A Operação Rodin teve relação com uma outra operação realizada na época, a Solidária. Em uma entrevista coletiva concedida no dia do anúncio da ação, o promotor Adriano dos Santos Raldi, afirmou: “Eu queria destacar que uma grande parte do que está sendo apresentado hoje é composto de elementos que foram recolhidos na Operação Solidária, que se iniciou em Canoas e que quando chegou ao Supremo Tribunal Federal sofreu um lamentável vazamento de informação que prejudicou a investigação. A Solidária poderia ser mais proveitosa se isso não tivesse ocorrido. Mas todos os elementos de interesse para este processo foram utilizados”.
A denúncia do MPF foi duríssima e apontou a existência de uma “quadrilha criminosa”, que teria lesado os cofres públicos:
“Os demandados agiram de forma imoral, pessoal, desleal, desonesta e ímproba, valendo-se da condição de ou em conjunto com agentes políticos e servidores públicos para obterem vantagens pessoais, utilizando-se dos respectivos cargos, de bens públicos e verbas públicas afetadas ao desenvolvimento de serviços públicos em área sujeita às suas atribuições funcionais e políticas.”
Esse grupo, prosseguiu a denúncia do MPF, constituiu “verdadeira quadrilha criminosa, que lesou os cofres públicos entre os anos de 2003, por volta do mês de junho, até o mês de novembro de ano de 2007 (deflagração da fase ostensiva da investigação).” A ação definiu assim a atuação desse grupo:
“A societas delinquentium restou formada pela associação perene e estável de diversas pessoas, integrantes de diferentes núcleos estatais e diversas esferas privadas, no objetivo consciente e deliberado de perpetrar, continuadamente, sob diversas formas e com a máxima lucratividade possível, as condutas ímprobas apuradas em face da Administração Pública e do Erário.

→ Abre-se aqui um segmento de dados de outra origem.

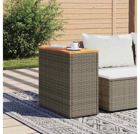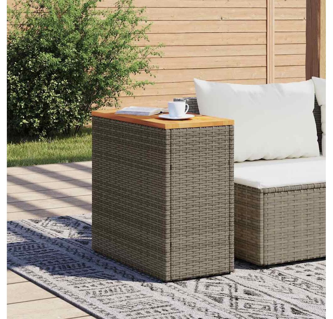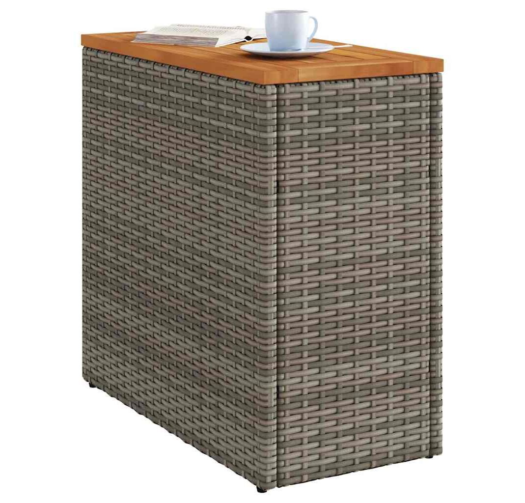 Masă laterală de grădină blat lemn gri 58x27,5x55 cm poliratan

O agir do grupo enquadra-se no conceito de organização criminosa da Lei n° 9.034/1995, estando presente a hierarquia da associação delitiva, o intuito lucrativo, gestão empresarial das negociatas criminosas, destruição de probas, omissão de rendimentos, corrupção do tecido social, inserção estatal ilegítima e blindagem patrimonial”.
“A organização criminosa era fortemente estruturada e sua atuação primordial voltava-se à obtenção e celebração de contratos públicos, mediante dispensa irregular de licitação em prol de fundações de apoio vinculadas à Universidade Federal de Santa Maria. (…) A quadrilha estabeleceu verdadeiro bureau do crime, utilizando-se, de forma fraudulenta, da possibilidade de dispensa de licitação para contratação de fundações de apoio, bem como de prestígios políticos de seus integrantes para o estabelecimento e manutenção dos intensos contatos com gestores públicos – para quem ‘vendiam’ a fraude e dos quais dependiam decisivamente para a consecução da sangria do Erário”.
Diante da gravidade da denúncia, da decisão do STF e das acusações feitas por José Otávio Germano aos agentes públicos que participaram dessa investigação, aguarda-se manifestação dos mesmos sobre a retomada ou não das investigações e sobre o futuro da ação como um todo.